I've tried to use JSON Schema and the big gap I couldn't figure was how to handle polymorphism.

That is, if I have a case where object

    {
        "Foo": {
            "Type":"Fred"
            "Bar":1
            "Baz":2
            "Quux":2
        }
    }

and the object

    {
        "Foo": {
            "Type":"Waldo"
            "Bar":1
            "Corge":2
            "Xyzzy":7
        }
    }

are both valid, without just allowing any object members or allowing the union of their members.

I did a hack by multiplexing the types into a child-object, but that was ugly and clumsy.

In XSD or any statically-typed programming language I could handle this trivially using types and polymorphism, because "Fred" and "Waldo" would be different types.

But I can't figure out how to do that in Json Schema.

mullsork 2 years ago

IIRC that's what oneOf is for. i.e. a discriminated union / sum type. My experience with oneOf is that tooling support for it is terrible.
- Pxtl 2 years ago
  
  Ah, I didn't realize you could use oneOf with refs or objects, I've only ever seen it used with primitives. Thanks!

mehdix 2 years ago

The article is also a joy to read. Well done.
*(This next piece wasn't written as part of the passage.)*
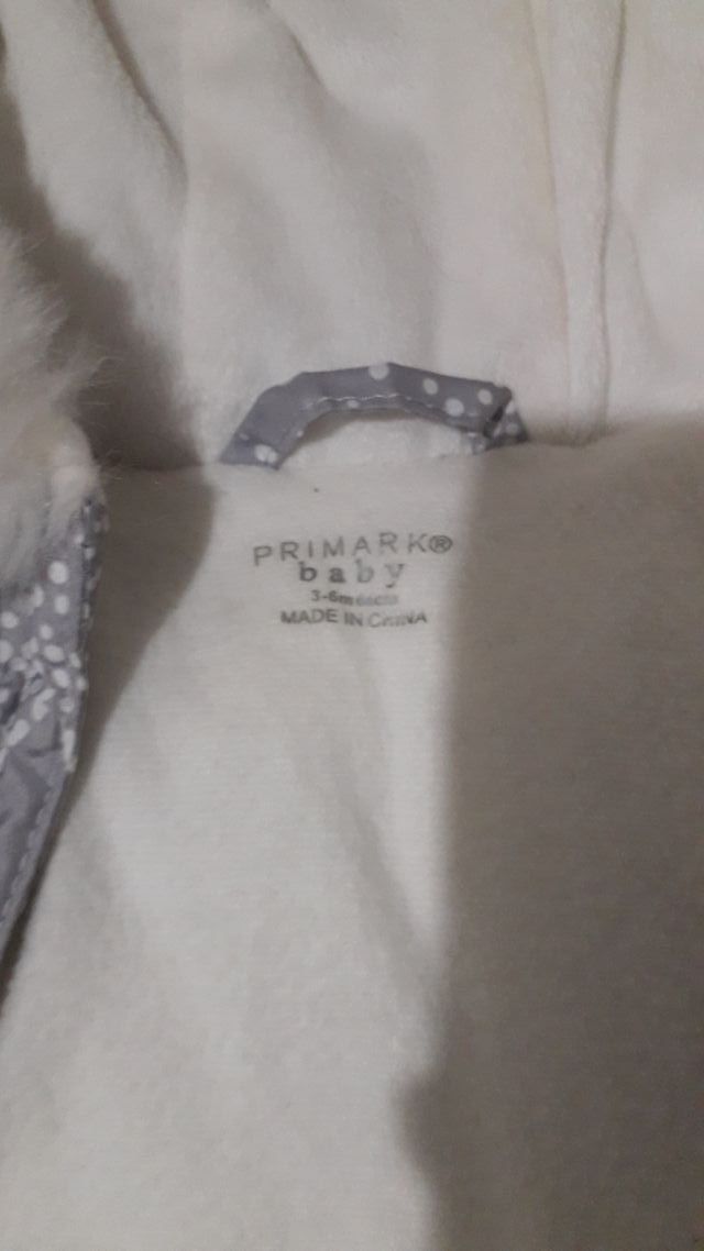 Detalles del productoSaco para capazo de la marca Primark Baby, ideal para bebés de 3 a 6 meses. Con un diseño de topitos grises sobre fondo blanco.

hhthrowaway1230 2 years ago

Ah yeah super nice always wanted schema support in progress love to see them hammering away on top of the solid foundation of postgres

Kydlaw 2 years ago

> 2022-08-19

Has anyone tried it? Any feedback on it?

wendyshu 2 years ago

It works just fine but it will only give a boolean value valid/invalid, it won't tell you why it's invalid.

korijn 2 years ago

So how do you apply this in the real world when dealing with schema versions and database migrations?

dtech 2 years ago

You could add a schema_version column and use one constraint per schema version. It will only be per major version, if the schema is backwards compatible there's no problem.
willmeyers 2 years ago

Add a new constraint that supports the new schema version, migrate json columns to conform to new schema as need be, and then drop old constraint. This assumes your schema is backwards compatible. If it isn't I would probably not use a DB constraint and just handle everything on the application layer.
- alexvoda 2 years ago
  
  If the schema is not backwards compatible it either means you will have to do a data migration or it means you want to keep track of the schema version along with the data. In both cases it is much easier if the json columns are split off into a separate table.
- korijn 2 years ago
  
  Thanks, that makes sense.

anonu 2 years ago

well written article and looks like a great extension. However, my only issue with JSON Schema is that it becomes unsupportable once your JSON objects get too big: to many keys or too many items in an array for example. If you are looking to find "where" the issue is in your JSON object, most schema validators don't provide enough guidance, they just say "something is wrong" as it appears this one does.

marwis 2 years ago

The detail error from example is pretty awful and missing any useful detail. Is it the limitation of the jsonschema library?

naedish 2 years ago

This is interesting. Would be curious to see if this can replace pydantic for specific cases.

kkirsche 2 years ago

With pydantic’s funding, it wouldn’t surprise me if they enter this space themselves (the company side not the existing python library side)
Funding Ref: https://pydantic.dev/announcement/

rapfaria 2 years ago

Wouldn't you wanna save the json even if the structure is incorrect?

rco8786 2 years ago

If you want that behavior, just don't use json schema.

raydiatian 2 years ago

This looks rad.

roenxi 2 years ago

I can see some technical advantages to supporting JSON schema directly; but I suspect most people will be using this extension because SQL is really ugly and they don't want to use it to set up their schemas in pg proper.

It says a lot about how weak the SQL syntax is. An extension to replace CREATE TABLE with a JSON schema construct would be wildly popular.